Instructions for the task: Leaving out the pictures, return word for word the stretch of entries below from the line holding "Пеларгония излучает тонкий" through the line holding "이날은 대전시와 대전시내".

Data to examine:

────

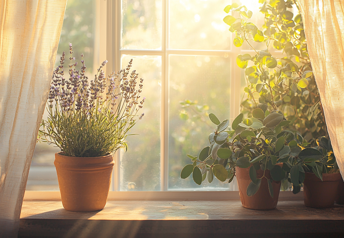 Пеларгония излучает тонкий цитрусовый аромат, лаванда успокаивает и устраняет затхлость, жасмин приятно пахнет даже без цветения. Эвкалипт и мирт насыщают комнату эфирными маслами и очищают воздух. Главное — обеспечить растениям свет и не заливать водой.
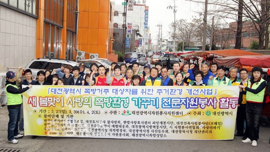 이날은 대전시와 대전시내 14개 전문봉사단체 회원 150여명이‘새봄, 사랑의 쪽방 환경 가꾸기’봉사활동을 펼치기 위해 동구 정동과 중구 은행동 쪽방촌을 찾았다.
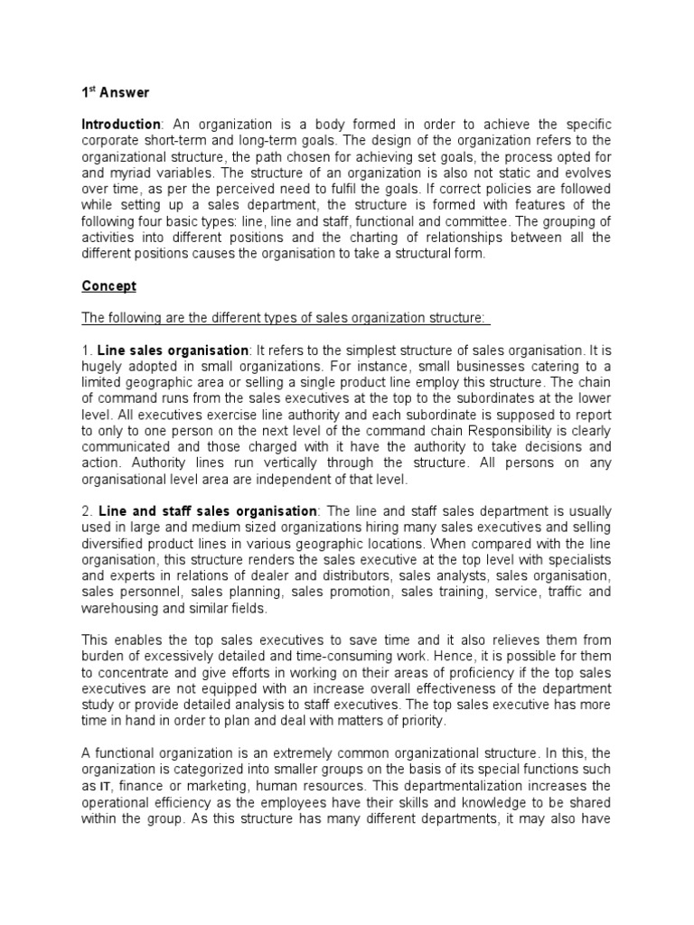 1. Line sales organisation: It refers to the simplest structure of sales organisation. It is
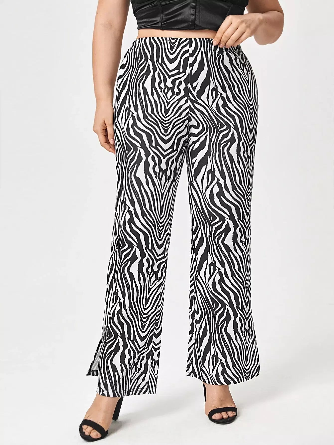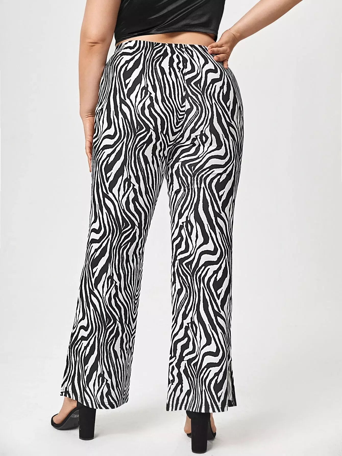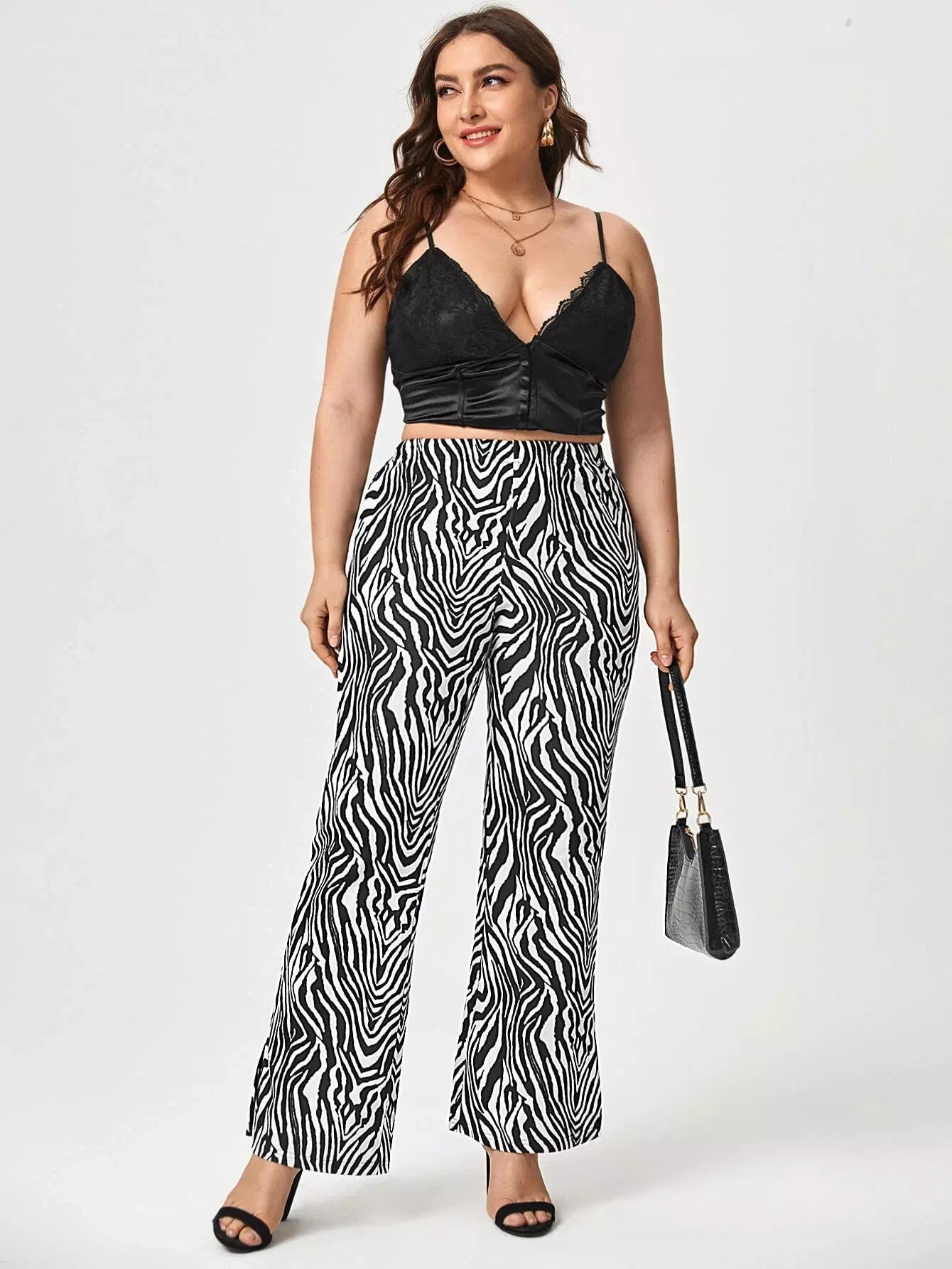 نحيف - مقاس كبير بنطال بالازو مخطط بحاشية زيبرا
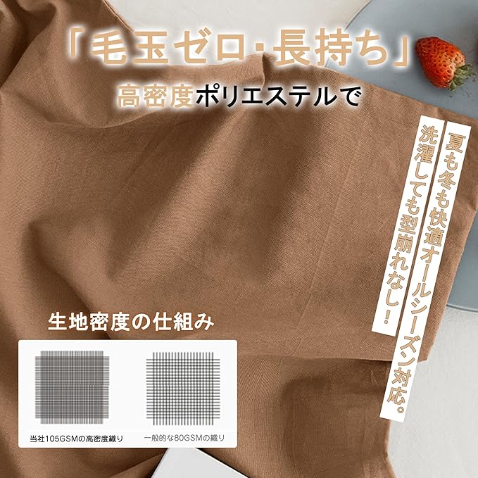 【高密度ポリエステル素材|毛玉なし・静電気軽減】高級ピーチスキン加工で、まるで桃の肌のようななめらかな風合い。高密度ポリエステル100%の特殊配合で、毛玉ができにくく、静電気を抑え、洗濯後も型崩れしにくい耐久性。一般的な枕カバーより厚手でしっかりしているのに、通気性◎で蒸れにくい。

────

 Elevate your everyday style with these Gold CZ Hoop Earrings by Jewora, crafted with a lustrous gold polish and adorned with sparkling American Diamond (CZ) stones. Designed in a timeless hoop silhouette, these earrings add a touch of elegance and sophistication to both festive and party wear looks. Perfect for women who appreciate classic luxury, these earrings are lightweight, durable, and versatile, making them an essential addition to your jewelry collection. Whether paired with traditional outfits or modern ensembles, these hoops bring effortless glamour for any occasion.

────

Reply:
 Пеларгония излучает тонкий цитрусовый аромат, лаванда успокаивает и устраняет затхлость, жасмин приятно пахнет даже без цветения. Эвкалипт и мирт насыщают комнату эфирными маслами и очищают воздух. Главное — обеспечить растениям свет и не заливать водой.
 이날은 대전시와 대전시내 14개 전문봉사단체 회원 150여명이‘새봄, 사랑의 쪽방 환경 가꾸기’봉사활동을 펼치기 위해 동구 정동과 중구 은행동 쪽방촌을 찾았다.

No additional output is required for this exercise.